Kohlberg, Kravis Roberts & Co. and other investment banking and venture capital firms are imploring [read: lobbying hard] the FCC not to really reduce the scope of the FCC's unbundling rules. They are understandably concerned about the investments they made in certain CLECs based on expectations (and hopes) that the uneconomic UNE regime would remain in place indefinitely.
According to a TR Daily story [subscription required], the investment firms have told Chairman Powell: "We committed this capital to, and have continued to invest in, competitive wireline telecommunications infrastructure in reliance on the FCC's steady and consistent interpretation of the telecom act over the past eight years, which you also have articulated." Problem is, the FCC's steady and consistent interpretation of the Telecom Act's unbundling regime for the past eight years was unlawful.
The DC Circuit put it very succinctly at the very end of its USTA II decision vacating the FCC's unbundling rules that the investment bankers now implore the Commission largely to keep in place.

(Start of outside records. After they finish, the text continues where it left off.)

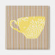 El encantador diseño moderno presenta un fondo de rayas marrones claros con una taza de café amarillo en el centro.
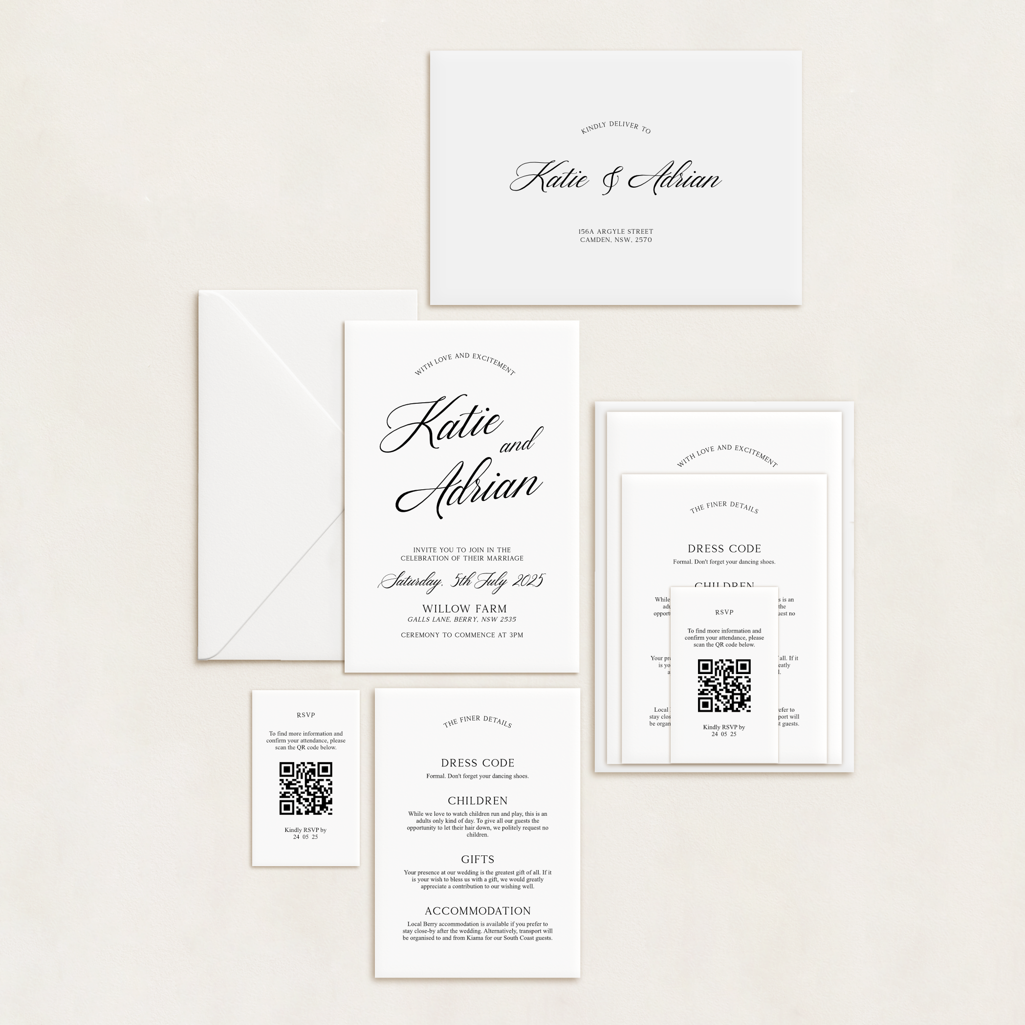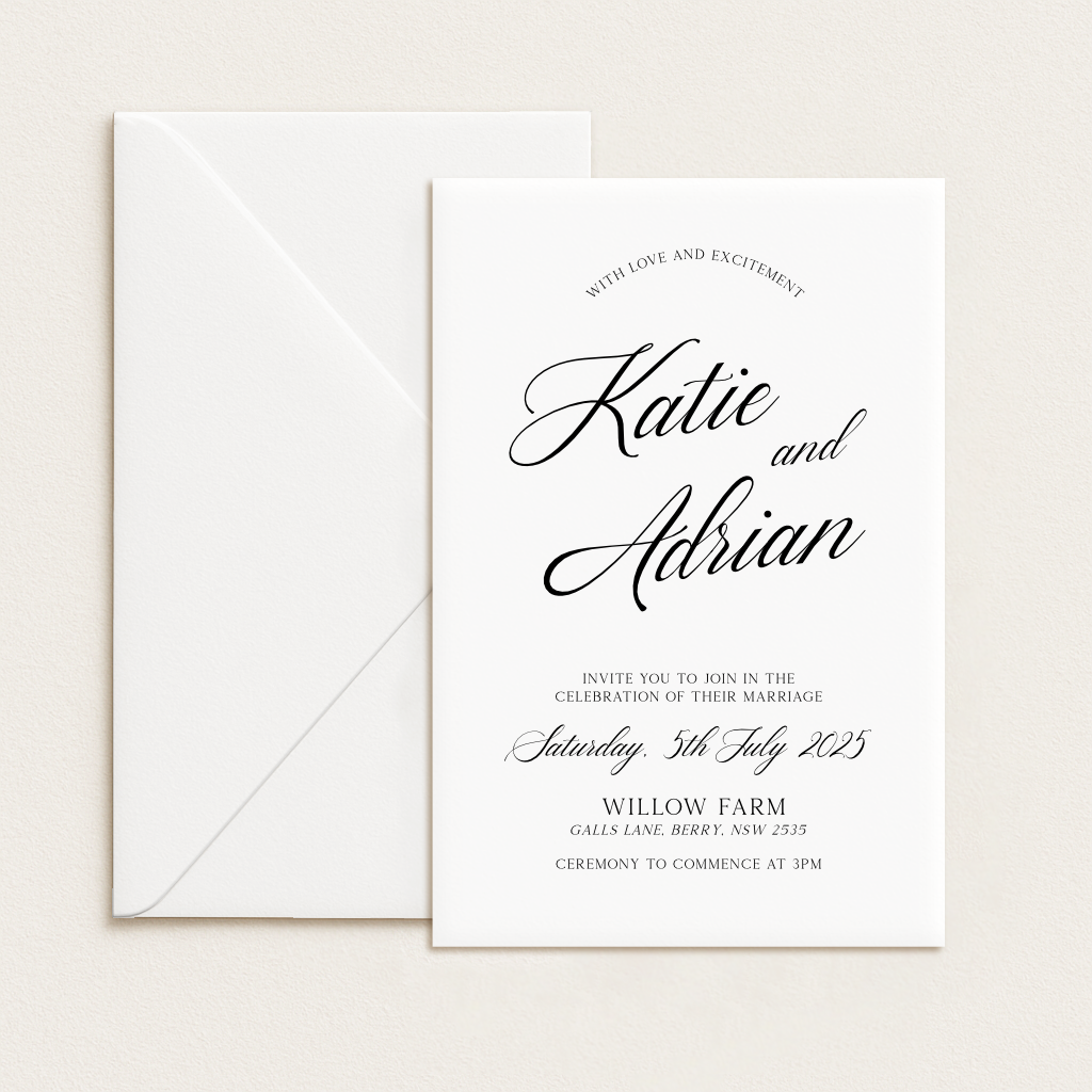 Each suite can include three cards (typically the invitation, RSVP, and details card) and a printed envelope. You’ll choose your shape and cardstock colour for each piece, plus whether you’d like standard or white ink. Coloured envelopes are included, too — so you don’t have to compromise on style.
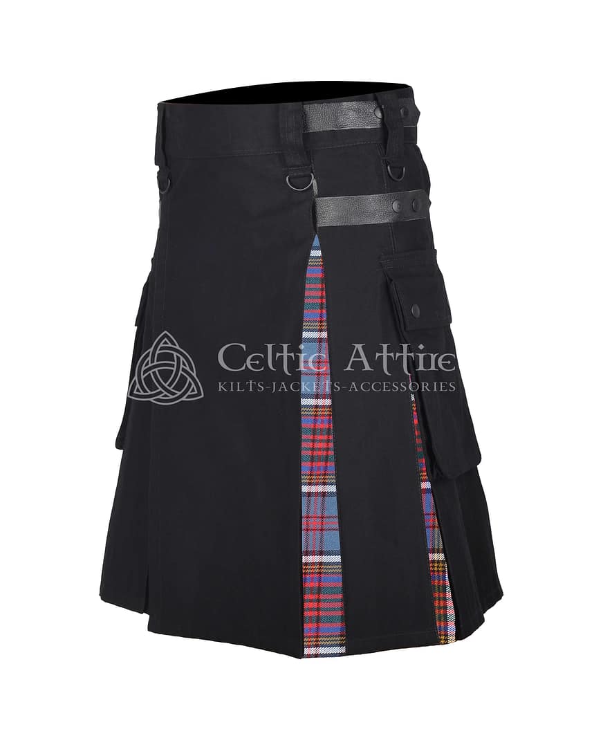 Abercrombie Modern Tartan Black Cotton Hybrid Utility Kilt
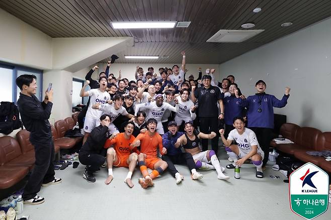유병훈 감독: 김포FC와 3라운드 로빈 경기 때 1-1로 비기다 후반 추가시간 버저비터를 넣어 2-1로 승리했다. 당시 '우리 다이렉트 승격할 수 있겠다'는 생각이 들었다. 확신이 든 것은 3연패 뒤 치른 부산아이파크전(4-1 승)이었다.
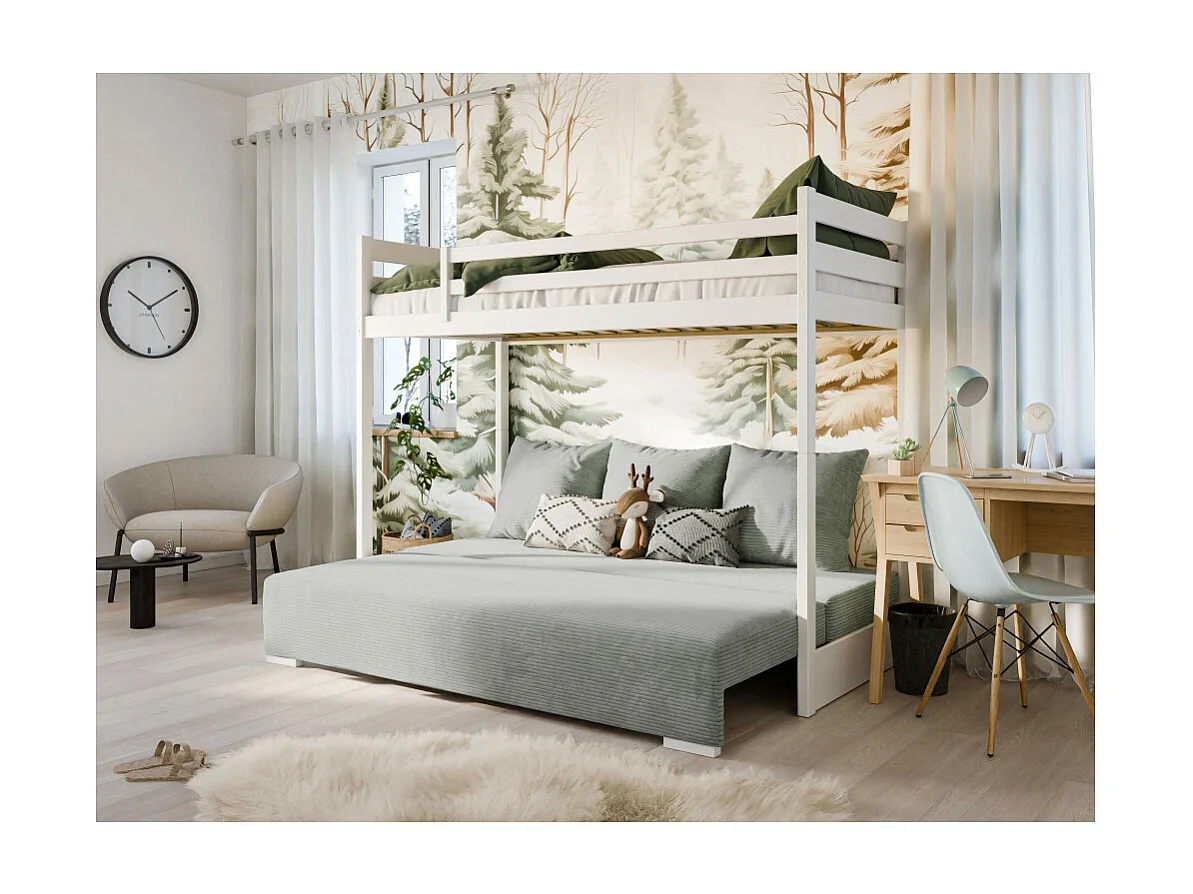 Lit Mezzanine et Canapé Safino 90x200/140x200 Blanc-Gris avec Rangement - Style Contemporain
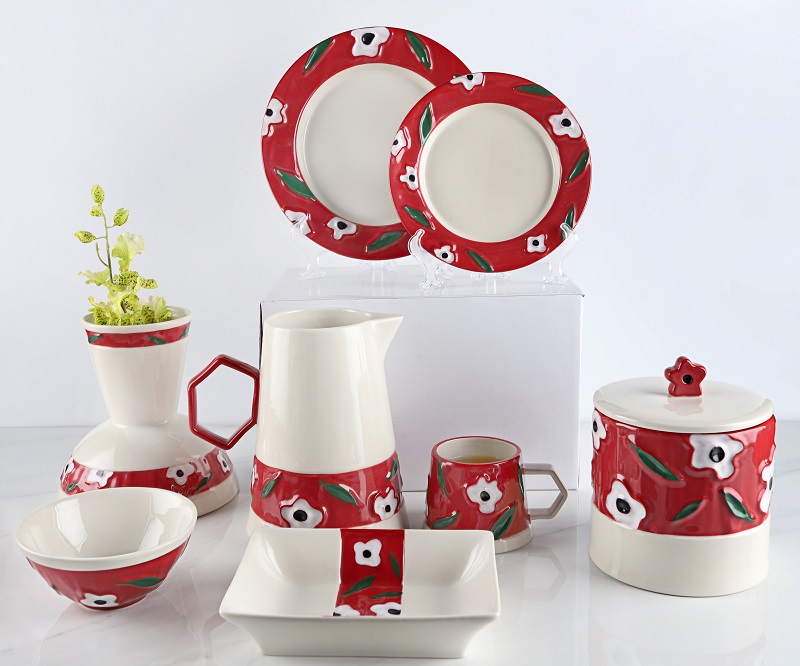 ညစာစားပွဲကြွေပြားအိမ်တွင်းလက်ဆောင်များသည်လက်ရာကြီးသောကြွေထည်ဝတ်စုံကိုအသုံးပြုသည်။ ပန်းကန်၏မျက်နှာပြင်သည်နူးညံ့သိမ်မွေ့သောတောက်ပသောခံစားမှု, ဒီဇိုင်းများသည်လတ်ဆတ်သော Florals, Auspical Motif မှစတိုင်ကျသောပထဝီအနေအထားမှစတိုင်ကျသောပထဝီမှစတိုင်ကျသည့်ပုံစံများကိုဖြည့်ဆည်းပေးပြီး,
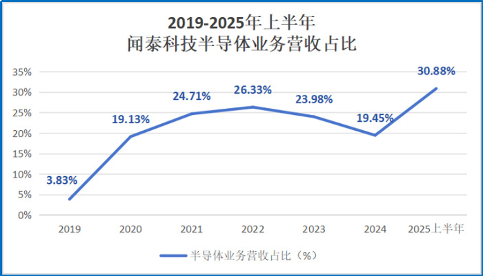 如今,闻泰科技的半导体业务营收在公司总营收中占比持续攀升。从2019年刚纳入时的3.83%,已经壮大到了2025年上半年的30.88%。
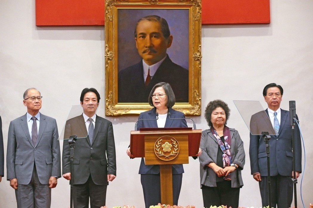 蔡英文率眾召開記者會(huì)。(圖片來源:臺(tái)灣《聯(lián)合報(bào)》)
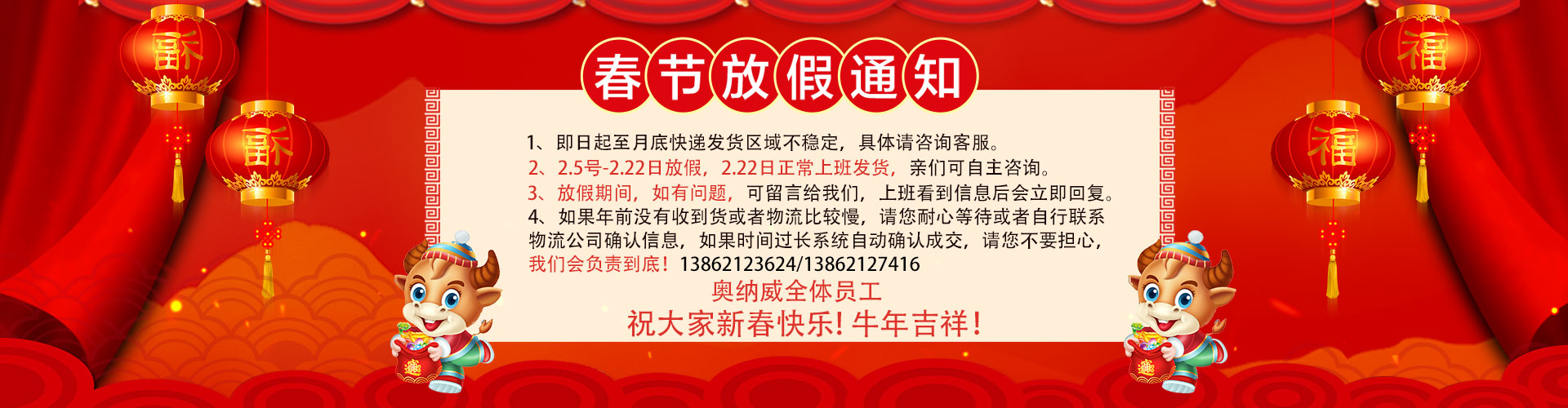 尊敬的客戶,您好,結合疫情進展情況以及本公司的政策,現將本公司2021年年假及春節放假安排:2021年2月5日---2021年2月19日(正月初八),放假期間安裝及售后暫停服務,業務咨詢正常溝通,感謝新老客戶在2020年對本公司的信任和大力支持,2021年將更加努力把最優質的服務給到到客戶,放假期間聯系電話:13862123624,在此奧納威全體員工提前祝各位老板春節快樂,財源廣進!
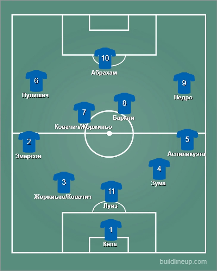 Лэмпард не стал вести в Австрию Бакайоко и Дринквотера, а учитывая, что произошло в матче(об этом дальше), то можно сказать, что будущего в клубе у них нет. Я почти угадал состав. Не попал только в Баркли. Схема была уже классическая для этого Челси 4-2-3-1 с опорной зоной в виде Ковачича и Жоржиньо.
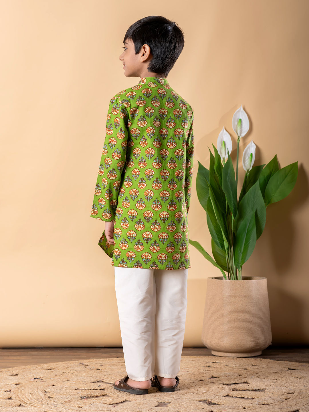 Green color Boys Kurta Pyjama in Cotton fabric with Printed work
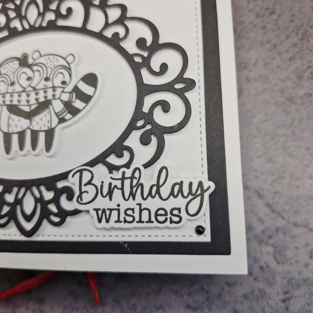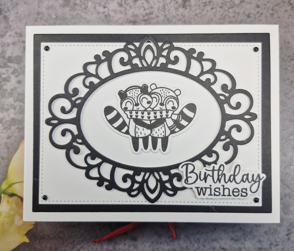 When I first saw the theme, I remembered this stamp set from Gina K Designs and their 12 Days of Christmas box. The stamp and matching die set is called ‘A Paper Hug‘ and as there were racoons on there, and I wanted a purely black and white card, I thought they would be perfect.
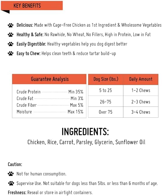 - Easy to Digest: These highly digestible Non-Rawhide chicken dog chew treats are packed with healthy vegetables and help your dogs digest better.
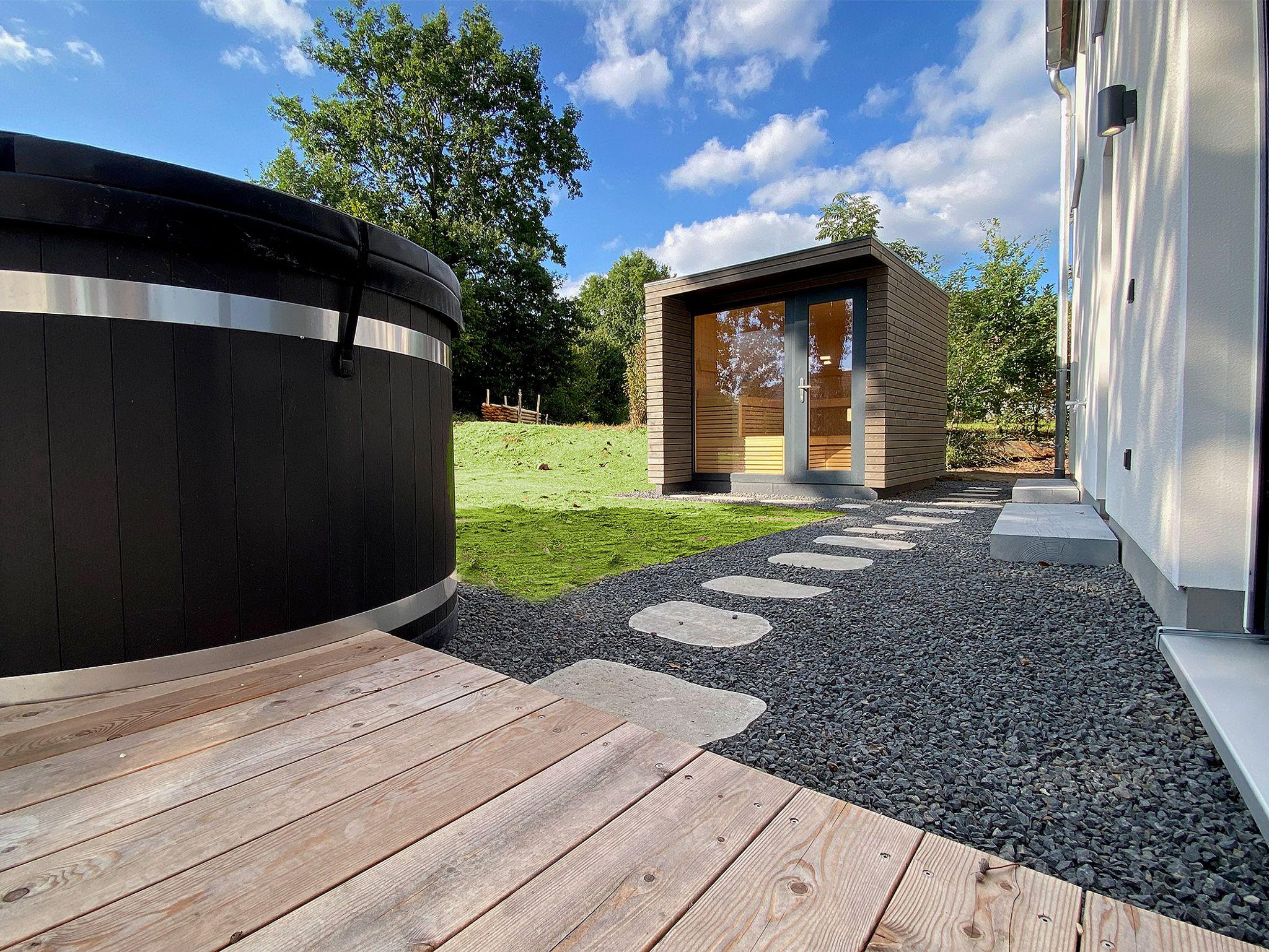 Mit Swimming-Pool, eigener Sauna, eigenem Badezuber (auch Hottub genannt – eine rustikale Form von Whirlpool), Kamin, viel Raum und Privatsphäre verfügen Sie über ein Hide-Away mit extra Wohlfühlambiente in einem modernen, nachhaltigen Holzbau.

In imposing a very short dealine before its mandate would be effective, the court emphasized: "This deadline is appropriate in light of the Commission's failure, after eight years, to develop lawful unbundling rules, and its apparent unwillingness to adhere to prior judicial rulings."
I assume the bankers have heard the expression "Eight is enough!" And they should understand that it is now time for the FCC to get on the right side of the law, regardless of whatever legal or political advice they early on may have received concerning how different people may have thought the Telecom Act ought to be interpreted.